### INFORMATION SHOWN

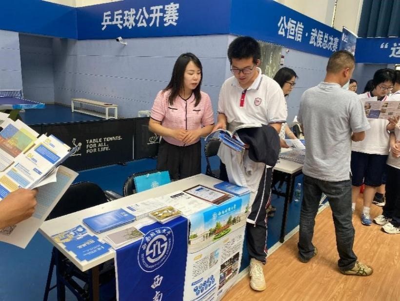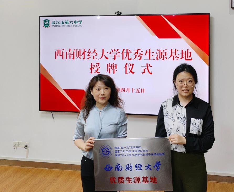 娄雅琪赴武汉市开展招生宣传活动,授予武汉六中优质生源基地荣誉称号。招生组积极拜访已授牌的优质生源基地中学如洪山高级中学、武汉二中、武汉外国语、武汉十一中、武汉六中、华师一附中等,同这些中学的教导主任、招生主任积极交流沟通,提供精准答疑和招生服务,提供了4场专家讲座,3场线下咨询会。4月18日,学院招生组李泽宇,卢琦参加成都市师大一中(龙泉),北京第二外国语学院成都附属中学的线下招生咨询活动,在现场与同学积极互动,介绍答疑西财招生详情。
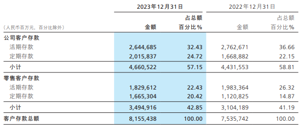 除了贷款难之外,银行最喜欢的活期存款也在减少。一般情况下,更多的活期存款意味着更低的负债成本,当前存款的定期化、长期化的趋势特征比较明显。据2023年报,招行的存款定期化特征明显,企业和居民活期存款均出现同比下降。
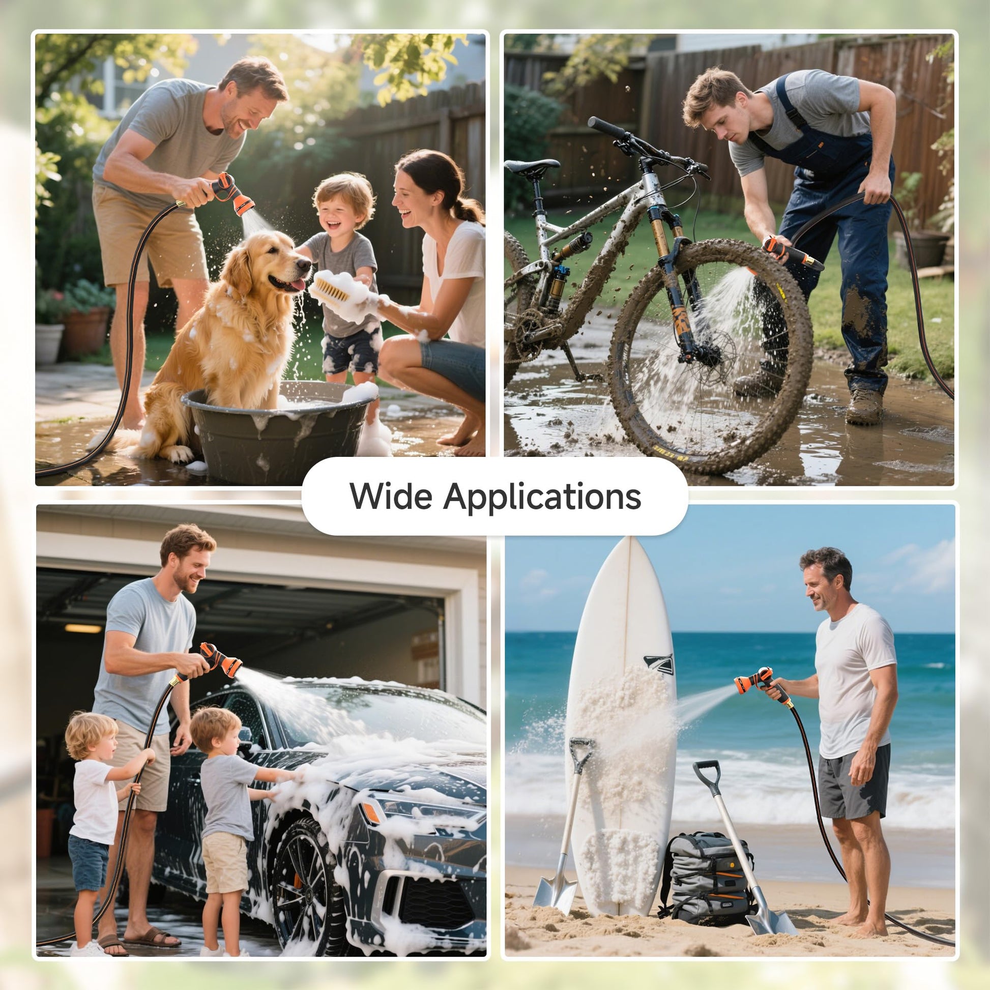 • 9 Adjustable Spray Patterns: Garden Hose nozzle supports 9 patterns to fulfill your different watering purposes. Can be used for car washing, watering, cleaning, pet bathing, etc.

### EXERCISE DESCRIPTION
Output the full listing verbatim; pictures stay out.

### EXPECTED OUTPUT
 娄雅琪赴武汉市开展招生宣传活动,授予武汉六中优质生源基地荣誉称号。招生组积极拜访已授牌的优质生源基地中学如洪山高级中学、武汉二中、武汉外国语、武汉十一中、武汉六中、华师一附中等,同这些中学的教导主任、招生主任积极交流沟通,提供精准答疑和招生服务,提供了4场专家讲座,3场线下咨询会。4月18日,学院招生组李泽宇,卢琦参加成都市师大一中(龙泉),北京第二外国语学院成都附属中学的线下招生咨询活动,在现场与同学积极互动,介绍答疑西财招生详情。
 除了贷款难之外,银行最喜欢的活期存款也在减少。一般情况下,更多的活期存款意味着更低的负债成本,当前存款的定期化、长期化的趋势特征比较明显。据2023年报,招行的存款定期化特征明显,企业和居民活期存款均出现同比下降。
 • 9 Adjustable Spray Patterns: Garden Hose nozzle supports 9 patterns to fulfill your different watering purposes. Can be used for car washing, watering, cleaning, pet bathing, etc.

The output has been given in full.